How do I show that $$\lim_{n\to\infty}\frac{1}{n}\sum_{k=1}^{n}\frac{n!}{(n-k)!n^{k}}=0?$$ I read that $\sum_{k=1}^{n}\frac{n!}{(n-k)!n^{k}}$ grows asymptotically like $\sqrt{\pi n/2}$. So from this, the result follows. However, I have no idea how to analyse the asympotic behaviour. Maybe there is a way to avoid it?
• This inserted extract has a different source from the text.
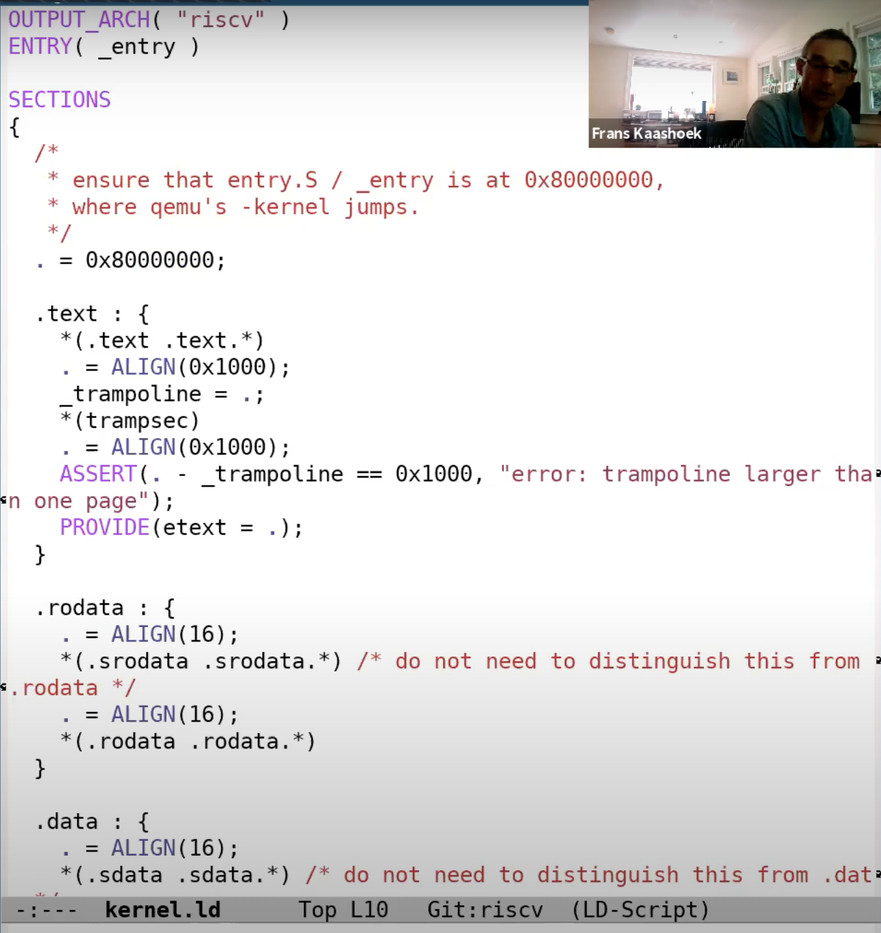 地址0x80000000是一个被QEMU认可的地址。也就是说如果你想使用QEMU,那么第一个指令地址必须是它。所以,我们会让内核加载器从那个位置开始加载内核。如果我们查看kernel.ld,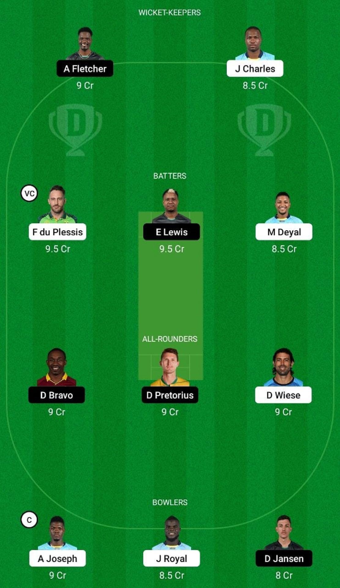 Batters: Mark Deyal, Faf Du Plessis, Evin Lewis

Any suggestions are greatly appreciated!
On
By using the Gaussian integral relation for the $\Gamma$-function, it is easily derived that $$\frac{1}{n} \sum_{k=0}^n \binom{n}{k} \frac{k!}{n^k} = \int_0^\infty e^{-n \, t}(1+t)^n \, dt $$ To get a rigorous asymptotic expansion, one writes $u=e^{-t}(1+t)$ and then uses properties about the Lambert-W function around a branch point. However, to keep it simple, notice that $(1+t)e^{-t} < \text{sech}(a\,t) $ for all $t>0$ for $a$ less than about 0.7655. Then the integral can be bounded as
$$\int_0^\infty e^{-n \, t}(1+t)^n \, dt < \int_0^\infty \text{sech}^n(a\,t)dt = \frac{1}{a} \int_0^\infty \text{sech}^n(t)dt$$ $$=\frac{\sqrt{\pi}}{2a}\frac{\Gamma(n/2)}{\Gamma(1/2+n/2)} \sim \frac{\sqrt{\pi}}{2a} n^{-1/2}.$$
It's now obvious that the limit will be zero.
If you want to avoid tools like Stirling, here's one easy way: let's look at each summand. You have \begin{equation} \frac{n!}{(n-k)!n^k}=\frac{n}{n}\cdot \frac{n-1}{n}\cdot\ldots\cdot \frac{n-k+1}{n}=\prod_{i=1}^{k-1} \bigg(1-\frac{i}{n}\bigg). \end{equation} Using the easy inequality $1-x\leq e^{-x}$, this is at most \begin{equation} \prod_{i=1}^{k-1} \exp\bigg(-\frac{i}{n}\bigg)=\exp\bigg(\sum_{i=1}^{k-1} -i/n\bigg). \end{equation} Using standard expressions for sums of arithmetic series, this is $\exp(-\Theta(k^2/n))$ for any $k$. So for any $k\geq C\sqrt{n\ln n}$ for some absolute constant $C$, this is at most $1/\sqrt{n}$.
Now, breaking the sum into terms that are at most $C\sqrt{n\ln n}$ and those that are above this, the former are all at most $1$, while the latter are at most $1/\sqrt{n}$. Therefore, the contribution of the former terms is at most $O(\sqrt{n\ln n})$ (as there are that many terms and are all at most $1$), while the contribution of the latter terms is at most $O(\sqrt{n})$ (as there are at most $n$ such terms and they all contribute at most $1/\sqrt{n}$). As a result, the sum is $O(\sqrt{n \ln n})$, and so dividing by $n$ makes the total expression $O(\sqrt{\ln n/n})$, proving the limit is zero. This is off by your known estimate by a logarithmic factor, but uses no high-powered tools at all.